> [Exercise brief]
Set down, exactly as written, the lines from the top of the data to the line that holds "Organ meats offer", and omit the pictures.

> [Dataset records]
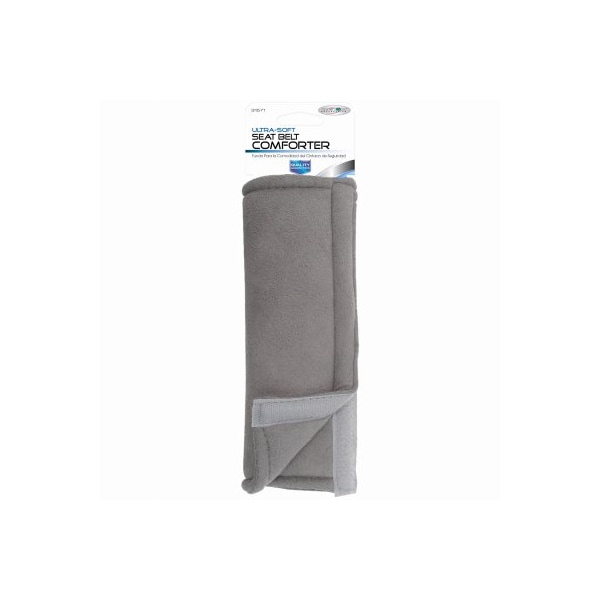 Grey UltraSoft Seat Belt Pad, pad reduces seat belt irritation and adds padded comfort, soft black suede material, universal to fit most seat belts, hook, loop adhesion makes installation quick, easy
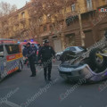 Խոշոր ավտովթար. բախվել են «Lexus»-ն ու «Mitsubishi»-ն. վերջինը գլխիվայր շրջվել ու հայտնվել է ճանապարհի մեջտեղում
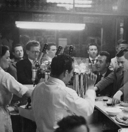 It was reportedly serving a thousand espressos a day before long. A 100,000 cappuccinos a year! Thanks to the romantic Italian vibe, the Gaggia's atmospheric blasts of steam filling the room, relentless gurgling and hissing that made excited crowds talk over the noise, and the kinetic energy of formally dressed Baristas pulling levers, taking orders, and juggling hot cups of espresso, it began a craze. The Moka Bar set off an explosion of imitators, with some 500 espresso bars in London alone, by 1960.
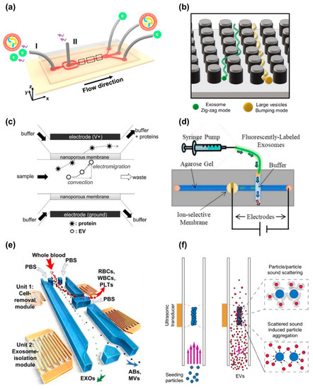 - Wu, M.; Ouyang, Y.; Wang, Z.; Zhang, R.; Huang, P.H.; Chen, C.; Li, H.; Li, P.; Quinn, D.; Dao, M.; et al. Isolation of exosomes from whole blood by integrating acoustics and microfluidics. Proc. Natl. Acad. Sci. USA 2017, 114, 10584–10589. [Google Scholar] [CrossRef] [PubMed]
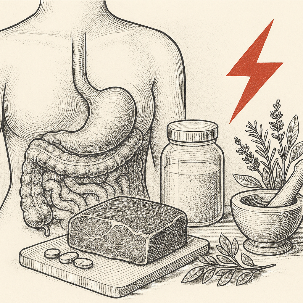 Organ meats offer concentrated, ready-to-use nutrition. Beef liver supports energy and focus with bioavailable vitamins and heme iron, while beef intestine contributes collagen peptides and minerals that strengthen gut comfort. Combined with herbs such as slippery elm and yarrow, plus absorption enhancers like black pepper extract, these nutrients work together to support digestion and energy through perimenopause.
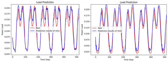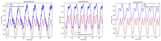 Figure 10 and Figure 11 show the predicted results of the five models above compared to the true values at 500 time steps of prediction. The comparison graphs show visually that the two models Informer and Informer+, which are based entirely on the self-attention mechanism, fit the load curves more accurately, and the predicted and true values show a consistent trend, while the predicted values of RNN, LSTM and LSTMa based on recurrent neural networks were significantly higher than the true values. The LSTMa model had a higher MAE score than RNN and LSTM but was smoother than the above two models, fluctuated synchronously with the real load, and was significantly more usable than the RNN and LSTM models after data correction in the vertical direction.
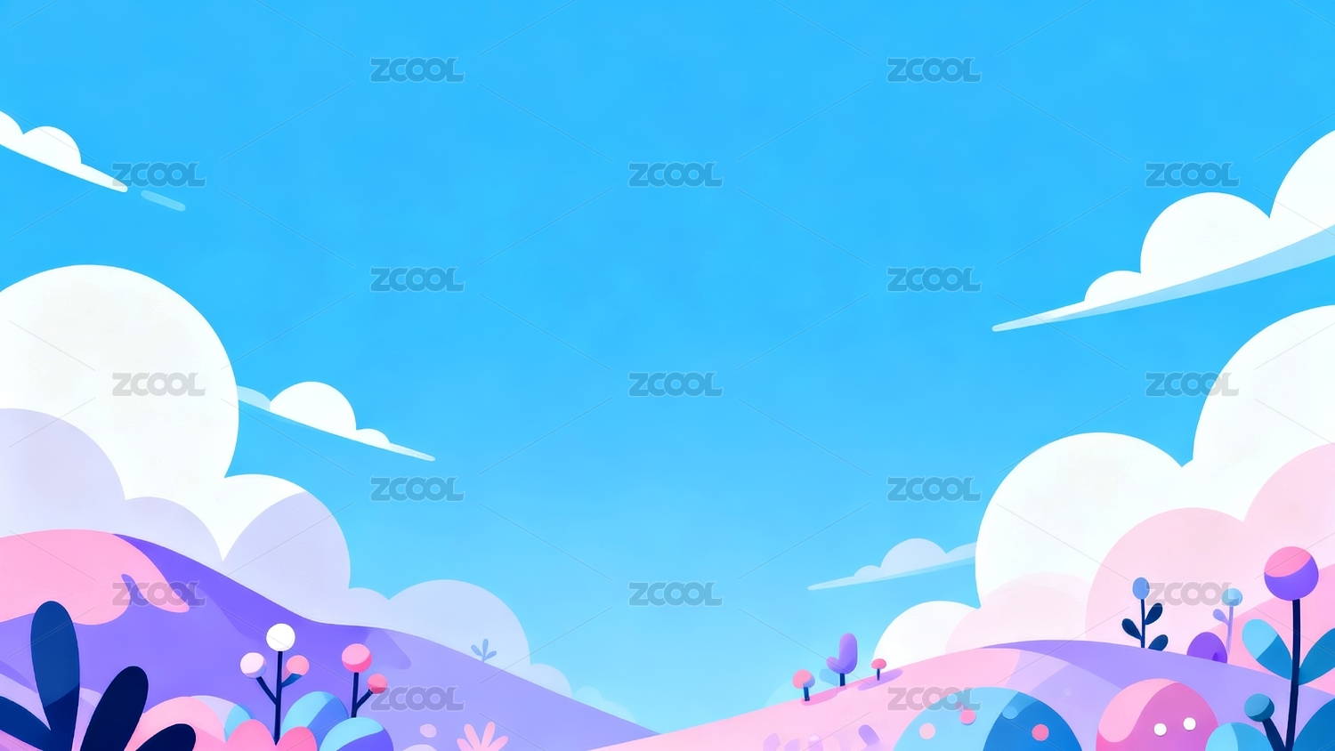 卡通夏季踏青旅游登山风景出行矢量插画背景
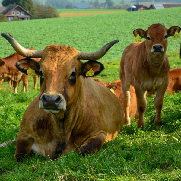 Die Tiere auf dem Naturabeef-zertifizierten Hof wachsen in Mutterkuhhaltung auf. Das bedeutet, die Jungtiere leben mindestens zehn Monate zusammen mit ihren Müttern in der Herde. Viel Auslauf auf der Weide und ein grosszügiger Stall sind Teil ihres Lebens.
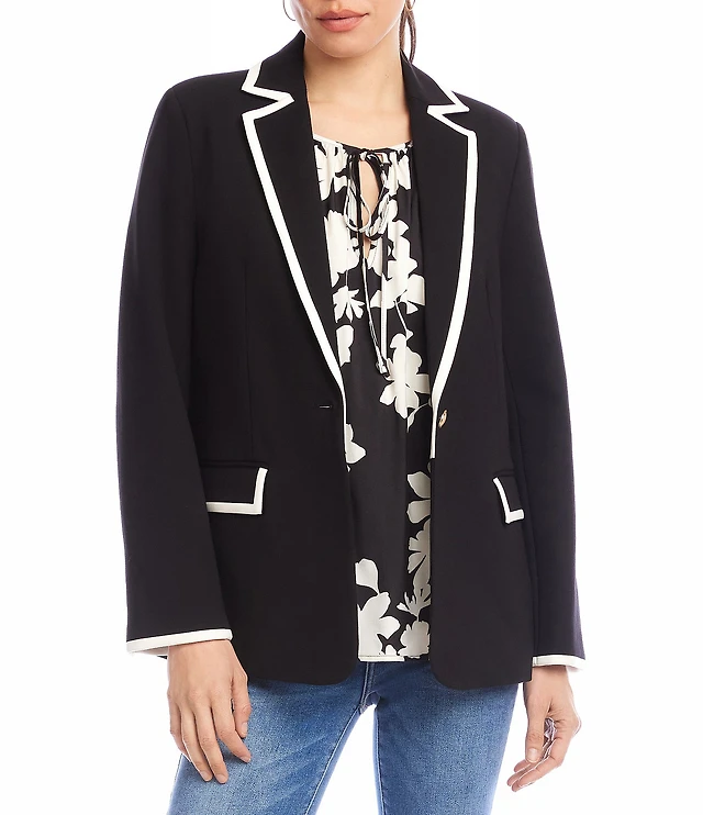 Ali Miles Petite Size Woven Abstract Multi Wire Collar 3/4 Sleeve Side Seam Pocket Button Front Jacket
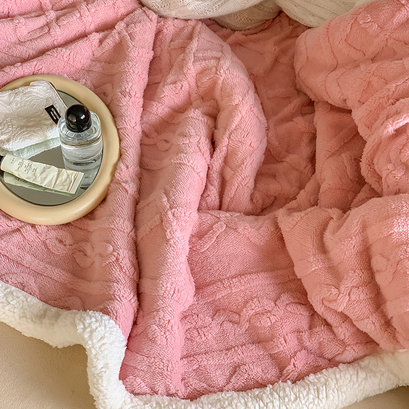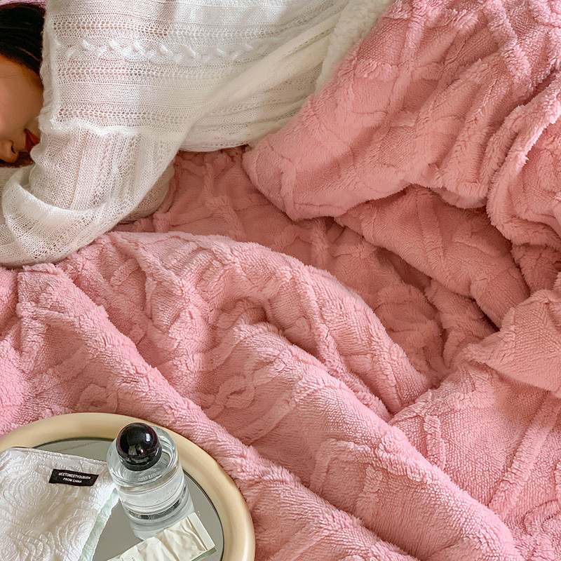 昔可家纺 2022新款ins风纯色保暖塔塔绒多功能毛毯 波纹粉
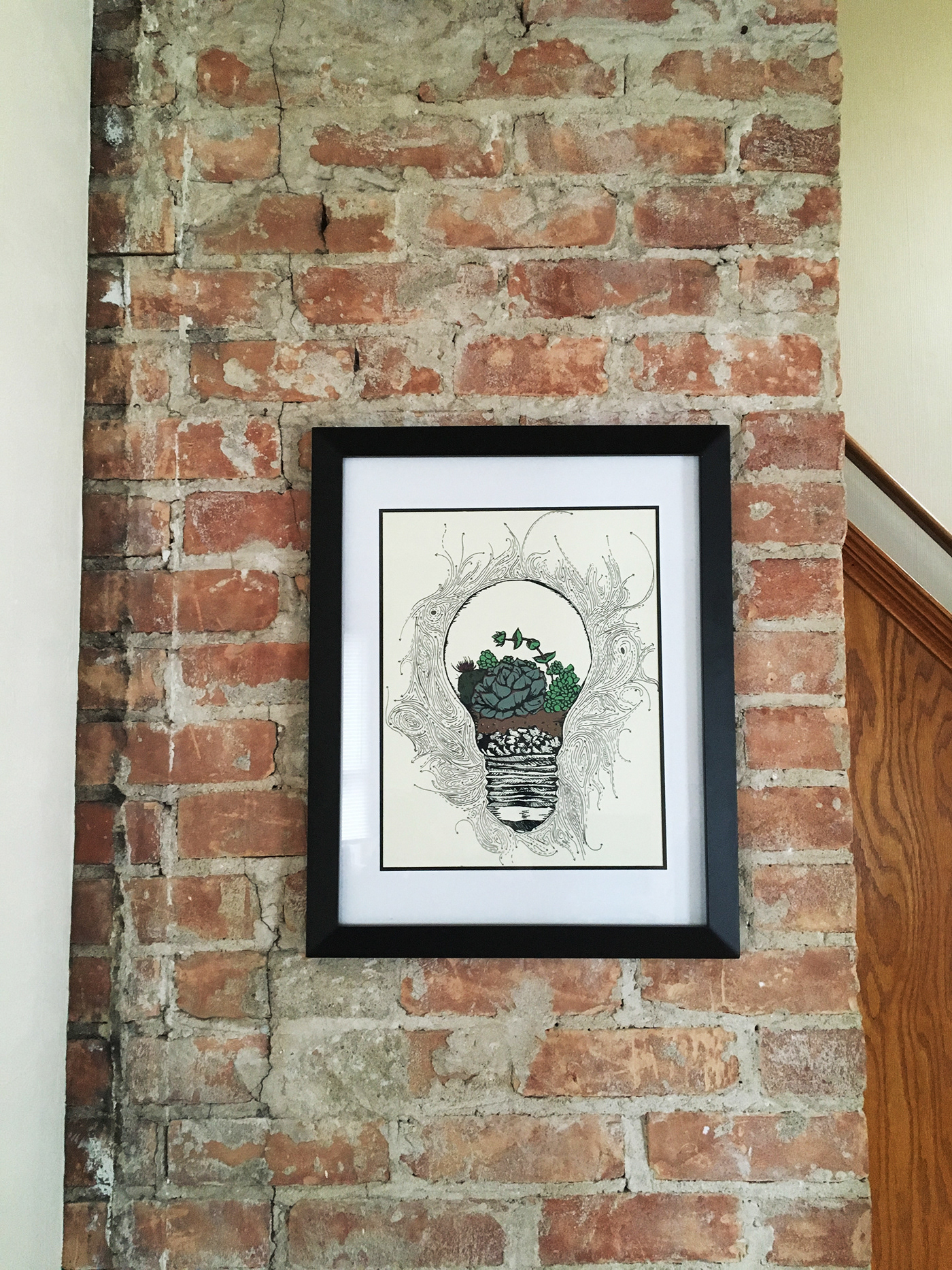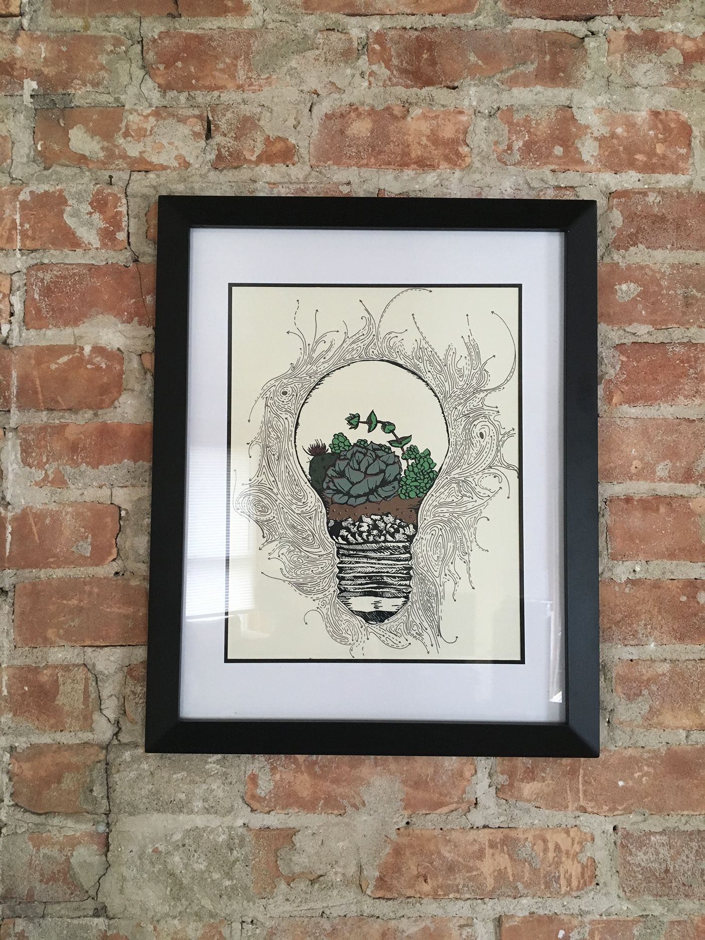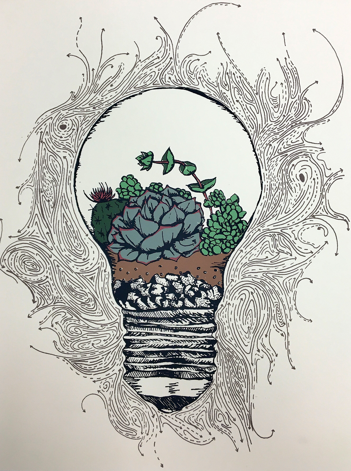 A screenprint project featuring succulents in a light bulb terrarium and detailed line work.
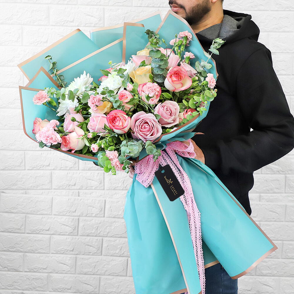 Подобно древней сказке, полной драматизма и яркости, розы Sweet Avalanche, розы Джумилла, персиковые розы, белые дисбуды, розовые гвоздики, эвкалипт и камини в величественной бирюзово-зелёной упаковке с розовой кружевной лентой передают сильную ноту нежности и заботы.
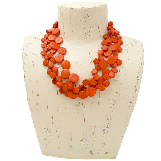 Lotus Feet NC3005 Orange Multi Row Necklace
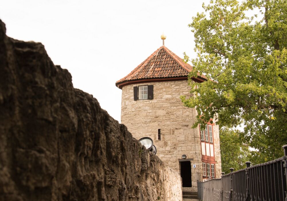 Ein herrliches Panorama Mühlhausens und der Umgebung bietet sich von der Aussichtsplattform des Rabenturms (34,2 Meter).
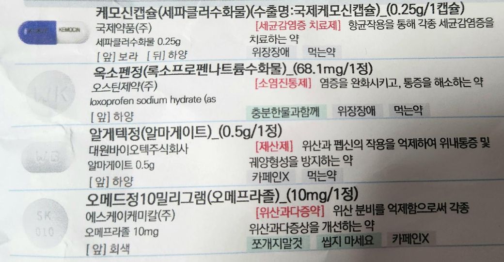 해당 사진에 나온 약을 아침, 저녁 식후 30분에 먹으라고 처방받았는데
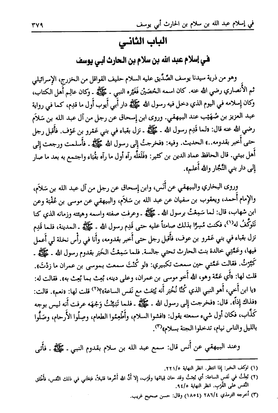 الباب الثاني في إسلام عبد الله بن سلام بن الحارث أبي يوسف
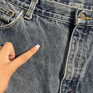 Condition: Fair used condition. Noticeable wear and fading throughout. Fraying at both leg hems and a visible stain on the front left leg (see close-up photos). Overall heavy wear but still plenty of life for workwear or casual use.

> [Completed task]
 Grey UltraSoft Seat Belt Pad, pad reduces seat belt irritation and adds padded comfort, soft black suede material, universal to fit most seat belts, hook, loop adhesion makes installation quick, easy
 Խոշոր ավտովթար. բախվել են «Lexus»-ն ու «Mitsubishi»-ն. վերջինը գլխիվայր շրջվել ու հայտնվել է ճանապարհի մեջտեղում
 It was reportedly serving a thousand espressos a day before long. A 100,000 cappuccinos a year! Thanks to the romantic Italian vibe, the Gaggia's atmospheric blasts of steam filling the room, relentless gurgling and hissing that made excited crowds talk over the noise, and the kinetic energy of formally dressed Baristas pulling levers, taking orders, and juggling hot cups of espresso, it began a craze. The Moka Bar set off an explosion of imitators, with some 500 espresso bars in London alone, by 1960.
 - Wu, M.; Ouyang, Y.; Wang, Z.; Zhang, R.; Huang, P.H.; Chen, C.; Li, H.; Li, P.; Quinn, D.; Dao, M.; et al. Isolation of exosomes from whole blood by integrating acoustics and microfluidics. Proc. Natl. Acad. Sci. USA 2017, 114, 10584–10589. [Google Scholar] [CrossRef] [PubMed]
 Organ meats offer concentrated, ready-to-use nutrition. Beef liver supports energy and focus with bioavailable vitamins and heme iron, while beef intestine contributes collagen peptides and minerals that strengthen gut comfort. Combined with herbs such as slippery elm and yarrow, plus absorption enhancers like black pepper extract, these nutrients work together to support digestion and energy through perimenopause.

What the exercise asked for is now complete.